В то время Анике Морено было лишь двадцать лет, и в жизни она руководствовалась в основном чувством прекрасного. У нее имелся крайне скудный опыт романтических отношений; впервые с ней это произошло в тринадцать лет во время поездки в Кочадебахо де лос Гатос на экскурсию в храм и к статуям ягуаров – на переднем сиденье русского внедорожника она подрочила однокласснику. В восемнадцать она подарила свою девственность женатому человеку, который притворился, что влюблен. Он работал в Католической миссии помощи неполным семьям и порвал с Аникой, едва она забеременела. На третьем месяце у нее случился выкидыш – никто ничего не заметил, а у Аники прибавилось комплексов. В общем, можно сказать, Аника испила свою чашу горестей, тем более, что тогда же от неоперабельного рака скончалась горячо любимая и еще не старая мать. Эта смерть глубоко потрясла Анику и совершенно выбила из колеи отца – кроткого, неразговорчивого человека, очень религиозного и доброго, разбогатевшего на поставках оружия.

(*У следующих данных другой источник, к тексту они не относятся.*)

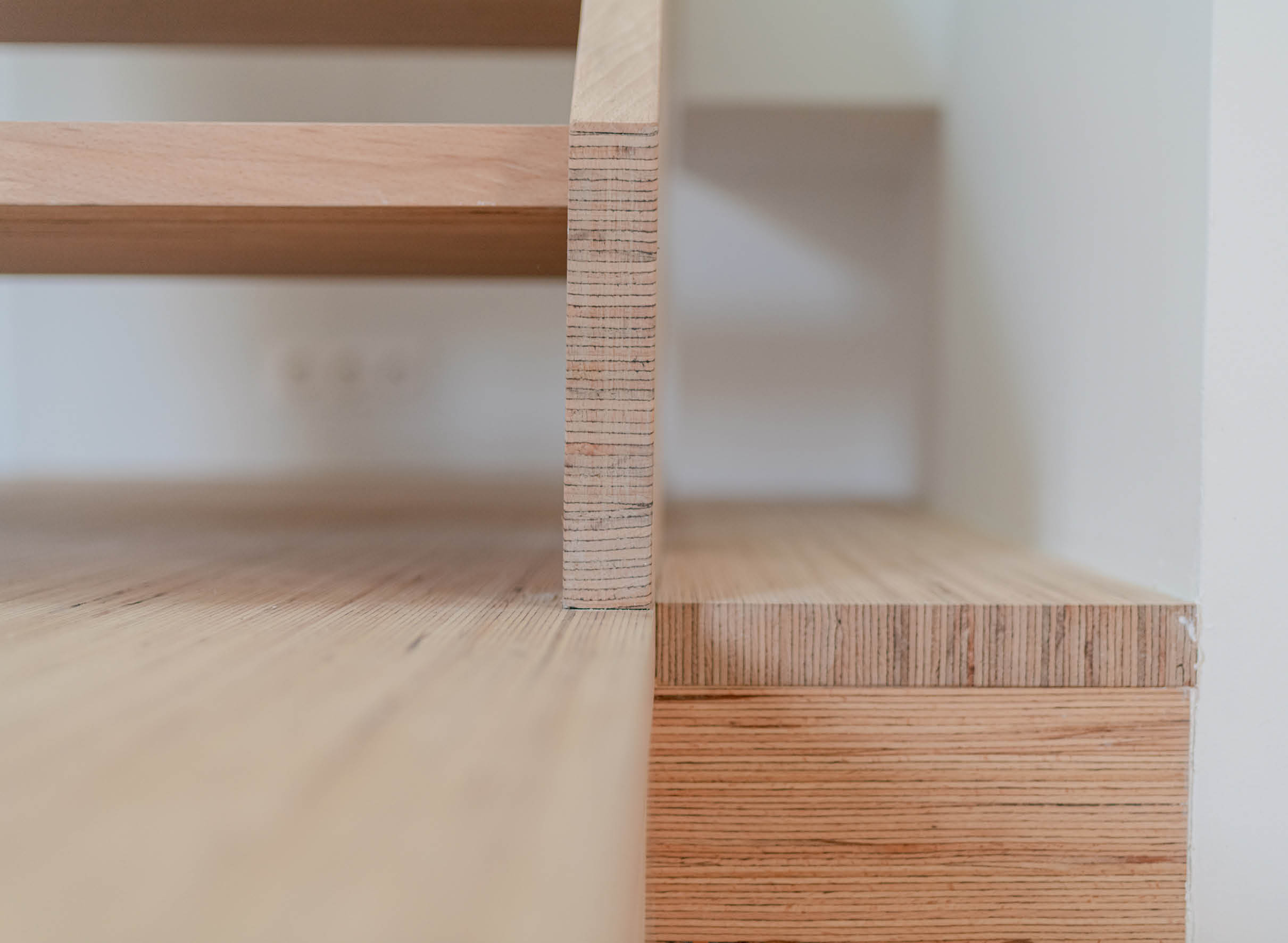 Plus qu’un simple escalier, ce mobilier en bois propose plusieurs fonctions et différentes orientations. Les 3 premières marches, accessibles depuis l’entrée et la cuisine, sont sculptées dans un socle dont le volume constitue un espace de rangement côté salon. C’est sur cette solide estrade que vient se poser délicatement une volée de marches, tenue par de fins et réguliers tasseaux de hêtres. Les stries de bois qu’affiche le baubuche, mêlées aux lignes obliques du limon et du garde-corps, rythment l’objet, diffusent le regard et cadencent la lumière. Les multiples usages, eux, permettent la convergence des flux. En effet, c’est autour de ce mobilier que se déploient toutes les pièces de l’appartement.

Аника обладала некоторыми художественными талантами, что с живительной безыскусностью и простотой выражалось в картинах, где она предпочитала зигзагообразные яркие узоры. В девушке жило неколебимое убеждение: настанет день и ее признают великим художником; она была натурой мягкой и чувствительной, которая не пожелает дурного и злейшему врагу, но в глубине души ее жила непреклонность, в детстве приносившая неприятности, а в юности – и счастье, и горе.

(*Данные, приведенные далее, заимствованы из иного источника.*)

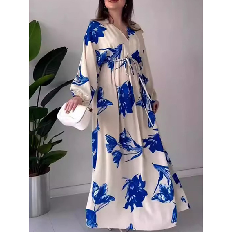 Women's Floral V Neck Maxi Dress Long Sleeve Summer Spring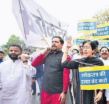 NEW DELHI: AAP legislators boycotted the first day of the Delhi Assembly’s Budget Session on Monday, staging a protest with an “arthi” (bier), alleging “murder” of democracy by the ruling BJP.

Впервые Аника встретилась с Дионисио, когда честолюбивые устремления художника пробудили в ней интерес к фотографии. Она немного знала одного из соседей Дионисио, Хереса – личность столь никчемную и неисправимую, что никто и не пытался его перевоспитать; этого типа принимали какой уж есть, за исключением Крупнейшей на Свете Анаконды, которая терпеть не могла, когда на нее блюют. И потому Херес жил спокойно и счастливо, что лишний раз подтверждает, как мало справедливости на белом свете. Все свое время и минимум усилий Херес посвящал множеству одиноких и нежеланных (для других мужчин) дам неопределимого возраста и потрепанной наружности. На жизнь он наскребал фотосъемками для двух местных газет и воображал себя художником своего дела. У него имелась одна непривлекательная слабость – врываться на семейные праздники, и вот так он познакомился с Аникой, произведя на нее впечатление тем, что фотограф. Херес пригласил ее заглянуть в гости, если вдруг художественные устремления повлекут ее к фотографии, хотя нет никаких сомнений насчет его истинных надежд и намерений.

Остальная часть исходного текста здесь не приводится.